Control and Optimization
New and richer sources of real-time data, combined with computing and communication technologies will tighten the urban feedback loop. Scalable, robust, and efficient ways to intervene across the urban landscape can help to better match supply and demand (for mobility, building occupancy, energy networks, etc.), increase safety and security, manage disruptions and emergencies, enhance environmental sustainability, etc. Challenges are multiple, however, and include susceptibility to attack (i.e., cyber-physical security) and the need to balance individual and social objectives.
Key Themes
Mobility
Intersection of behavioral science and transportation technology; Urban/transportation microsimulation; Scenario discovery for mobility of the future; Integration of autonomous vehicles and public transit; Future of parking data visualization.
Environment
Democratization of the grid; Data analysis and visualization of environmental hazards and social vulnerability; Behavioral responses to pollution and environmental hazards and associated social costs; Environmental sustainability of urban development and the building sector; Climate data and climate action.
Infrastructure and Information Systems (IIS)
Cybersecurity support for cities; Real estate finance and innovation; Smart sewage systems; Connected infrastructure policy and practice; Place-based infrastructure investment and urban vibrancy dynamics.
Health/Wellbeing
Post-disaster housing data analysis; Big data and technology to assess health and happiness outcomes; Integration of urban design and technological measures to increase wellbeing.
Data Action
How do designers and urban planners effectively utilize state-of-the-art computational techniques such as artificial intelligence and machine learning to understand how cities and regions work.
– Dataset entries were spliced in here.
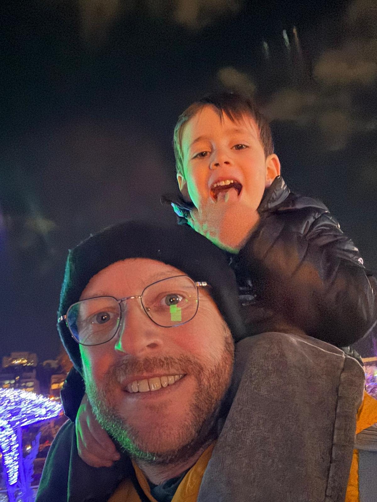 יש, הוא מצחיק גם ככה סתם, בחיים. מזהים? זהו אבי נוסבאום, אחד הקומיקאים הכי מצחיקים שיש לנו היום בארץ, שהגיע ביחד עם כל המשפוחה לתערוכת האורות המדהימה בגן הבוטני.
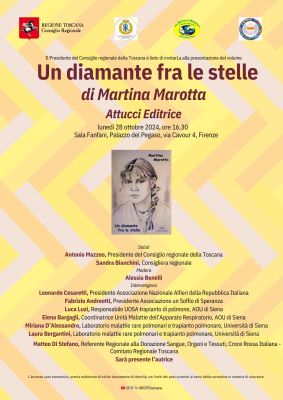 Ne parlano, lunedì 28 ottobre alle 16,30, medici specialisti provenienti da Siena e Firenze e Prato Farà da filo conduttore, al convegno sulle malattie rare polmonari, il libro Un Diamante fra le stelle di Martina Marotta, poetessa e scrittrice lucana, edito dalla Attucci Editrice di Carmignano. Saranno presenti il Prof. Luca Luzzi, chirurgo, specialista in trapianti polmonari dell’Università di Siena, membro del centro di coordinamento per le malattie rare polmonari, La professoressa Elena Bargagli, docente presso l’università di Siena e Coordinatrice Unità Malattie Rare dell’apparato respiratorio AOU di Siena, le ricercatrici Miriana D'alessandro e Laura Bergantini, dell’Università di Siena anch’esse presso il centro di coordinamenti delle malattie rare polmonari, il Dott. Matteo Di Stefano Referente Regionale Toscana per la Croce Rossa Italiana per la Donazione di Sangue, Organi e Tessuti. Si parlerà di malattie definite rare perché colpiscono realmente poche persone e per tal motivo sono più difficili da studiare e curare ma si parlerà anche di trapianti polmonari e di donazione organi. Il convegno è legato al libro di Martina Marotta, un libro che contiene una silloge di poesie, alcuni brani in prosa ma anche oltre 50 scatti in alta risoluzione di fotografie naturalistiche. Da quasi due anni la madre di Martina, Antonella, è deceduta a causa di una di queste terribili malattie e Martina, che già in passato aveva pubblicato altri libri, ha deciso di aiutare la ricerca con la cosa che sa fare di più: scrivere. Il libro e queste manifestazioni hanno il patrocinio onorario della Associazione Nazionale Alfieri della Repubblica Italiana e della International Universum Academy Switzerland di Lugano. Non è la prima volta che Martina mette a disposizione la sua arte per aiutare chi ha bisogno. Con il primo libro, L’arcobaleno della IIIA, sostenne le attività dell’AIL di Prato e di Potenza, con il secondo libro, Io Spero che …, ha sostenuto le attività della sede pratese della Croce Rossa Italiana, di cui è volontaria da oltre un decennio. Nel corso del convegno saranno recitate alcune poesie di Martina da poeti ed attori che hanno dato la loro disponibilità: Pina Petracca e Rodolfo Vettor.
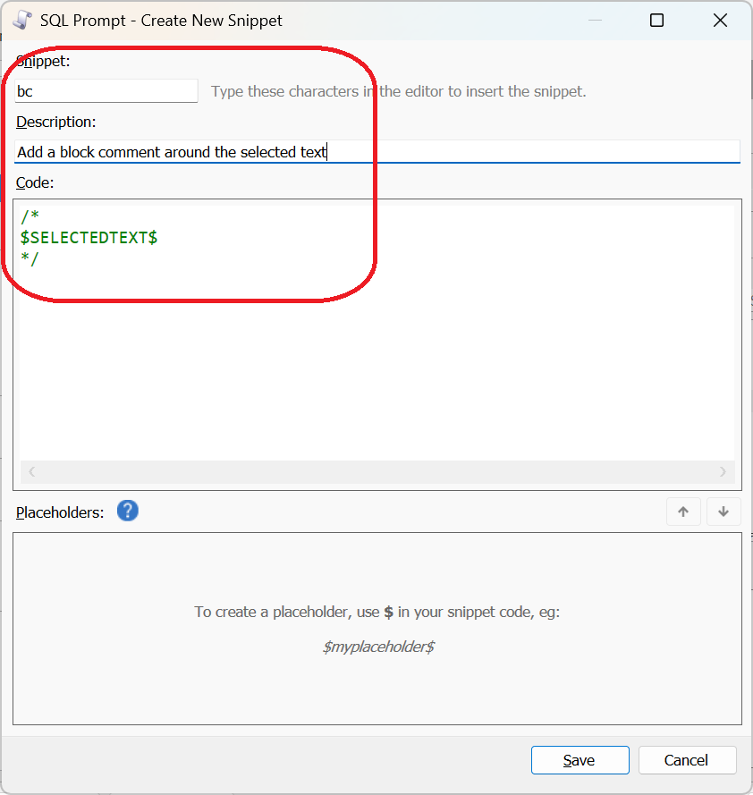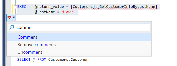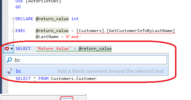 - In your query editor, select the text you want to block comment and then type bc in SQL Prompt's margin prompt.
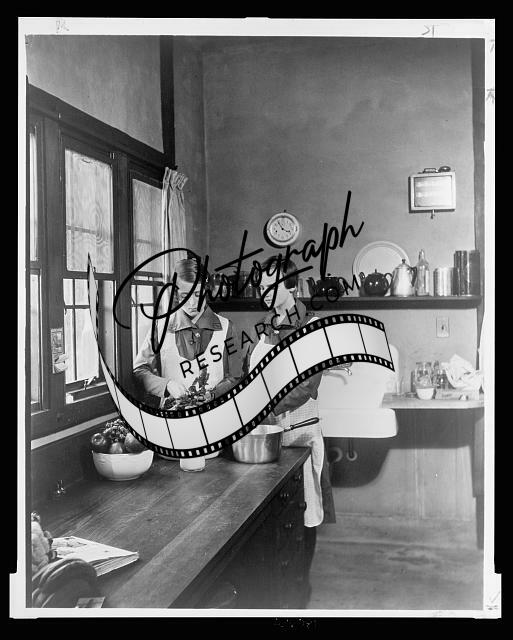 Girl Scout Little House, two Girl Scouts prepare salad in kitchen
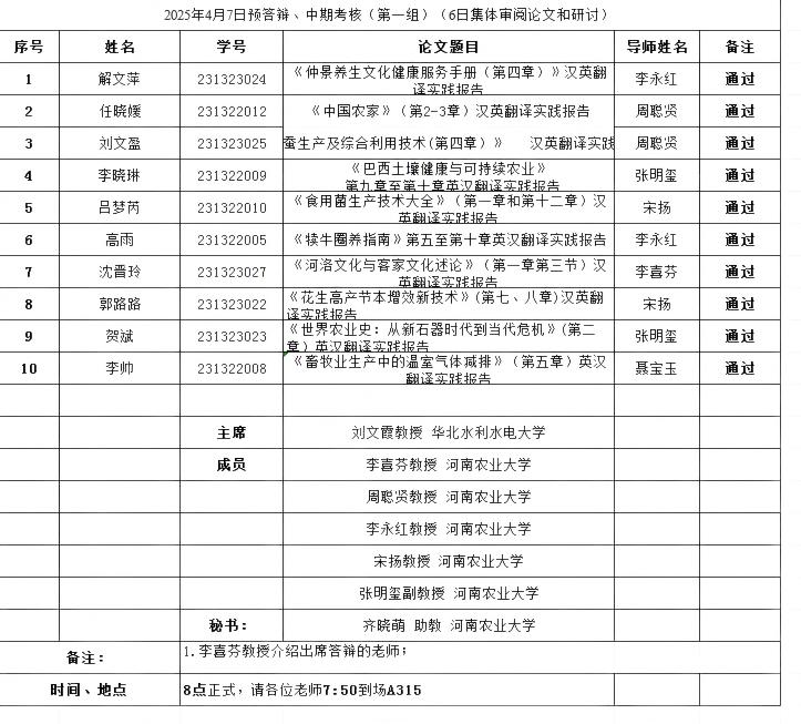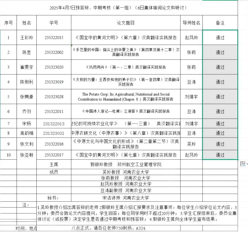 组织开展了2025年英语笔译专业研究生学位论文预答辩暨中期考核和开题报告论证会。本次论证会特邀华北水利水电大学刘文霞教授、河南财经政法大学孙建华教授和郑州航空工业管理学院郭银玲教授分别担任论证小组主席,杏吧视频

How do they incorporate this understanding into their own practice and to implement change in the built environment and communities they work within?
Cybersecurity
The more city agencies and departments expand their use and reliance on information systems and informatics, the more vulnerable they become to cyberattack, including hard-to-trace ransomware attacks by overseas hackers. Cities in the United States, and across the world, are being attacked several thousand times a day. The risks and costs of these attacks are substantial. As a part of a national consortium of university-based cybersecurity clinics, the DUSP-based MIT Cybersecurity Clinic facilitates collaboration between students and faculty around the country -- and around the world -- to work together to protect critical urban infrastructure.